Three representative waters were selected for comparison. Region one is a large lake. Due to the presence of surrounding vegetation and shadows, the multi-classification model extraction is ineffective, resulting in a significant number of misclassifications. However, when more attention is paid to this category, the phenomenon of misclassification is improved. Region two is a large river whose shape is usually more complicated, showing curved or bifurcated shapes. This often leads to misclassification at the edge of the water body. However, the optimized visualization results are relatively complete. Region three consists of small rivers, where the surrounding vegetation and shadows significantly interfere with the classification of small rivers, resulting in disconnection. However, the small rivers can maintain their inherent shape after optimization. In general, the optimized results significantly improve the phenomenon of misclassification and disconnection and enhance the overall coherence of water.

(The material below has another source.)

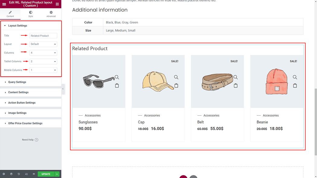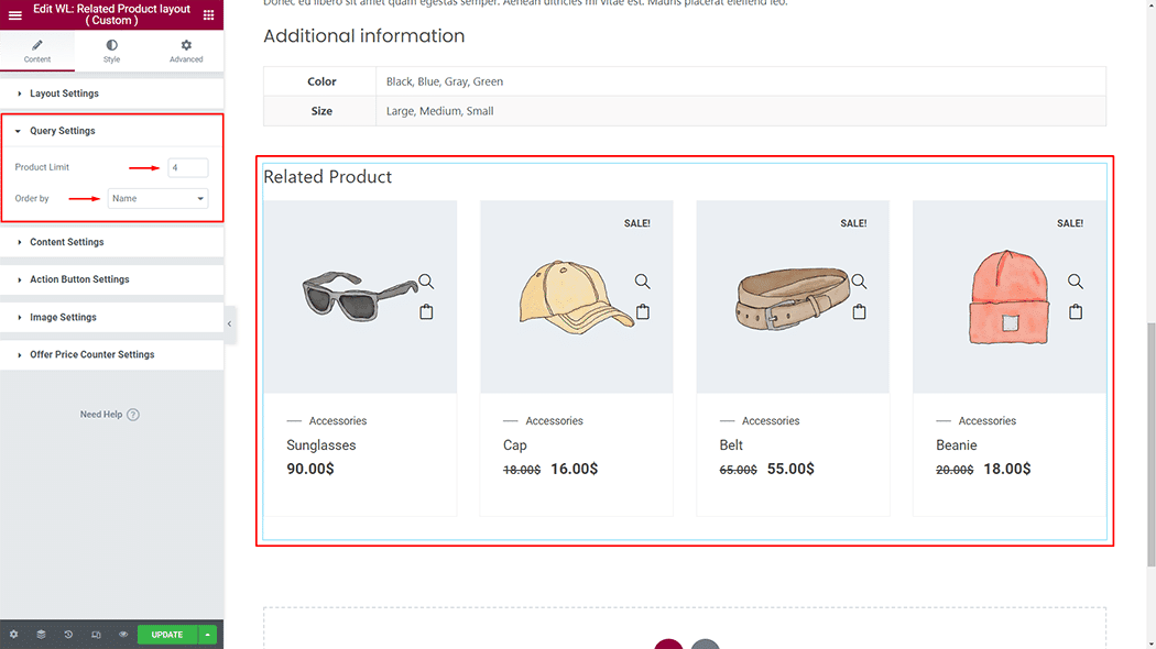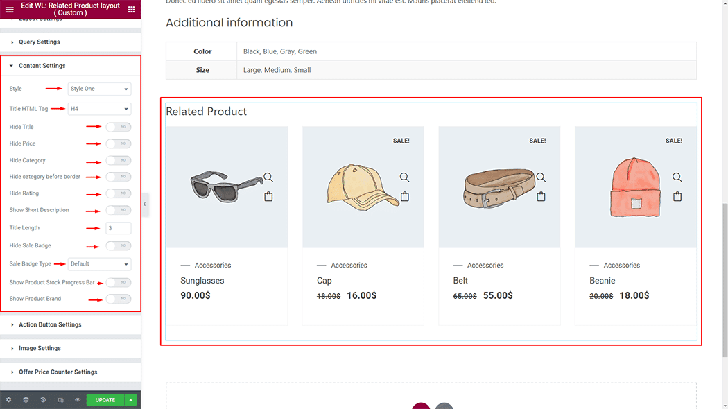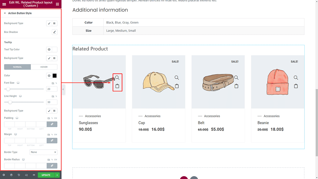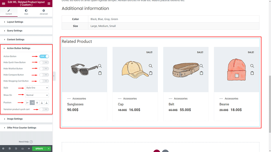 Action Button Style: You can set a custom style of the Related Product (Custom) as needed.

Secondly, we used the voting method to integrate the road and water prediction results into the multi-classification prediction results, which improved the generalization ability of slender objects in complex scenarios. Figure 13 illustrates the land-cover classification results before and after the integration of slender features, from which it can be seen that the problems of missed detection and disconnection of roads and water are effectively solved after the integration. The overall classification results are more in line with the real-world geographical scene distribution.

6. Conclusions

This paper proposes a mapping framework for fine-grained land-cover classification, aiming to produce large-scale land-cover products with fine-grained land-cover types. Firstly, we propose an iterative method for a fine-grained classification system, exploring a stable classification system tailored to a specific sensor for the target area. Through multiple iterations and the optimization of the classification system, we ultimately constructed a stable classification system for Sentinel-2 data, encompassing 23 land-cover types. Furthermore, we enhanced the model by introducing a pyramid pooling module on the basis of Swin-UNet and designed a combination loss function based on class balance. Additionally, while leveraging spatial relationships in natural features as clues, we used a voting algorithm to integrate predictions from the overall classification model and slender features. This approach addresses the challenges encountered in large-scale scenes, such as varying scales of target features, imbalanced sample quantities, and the weak connectivity of slender features.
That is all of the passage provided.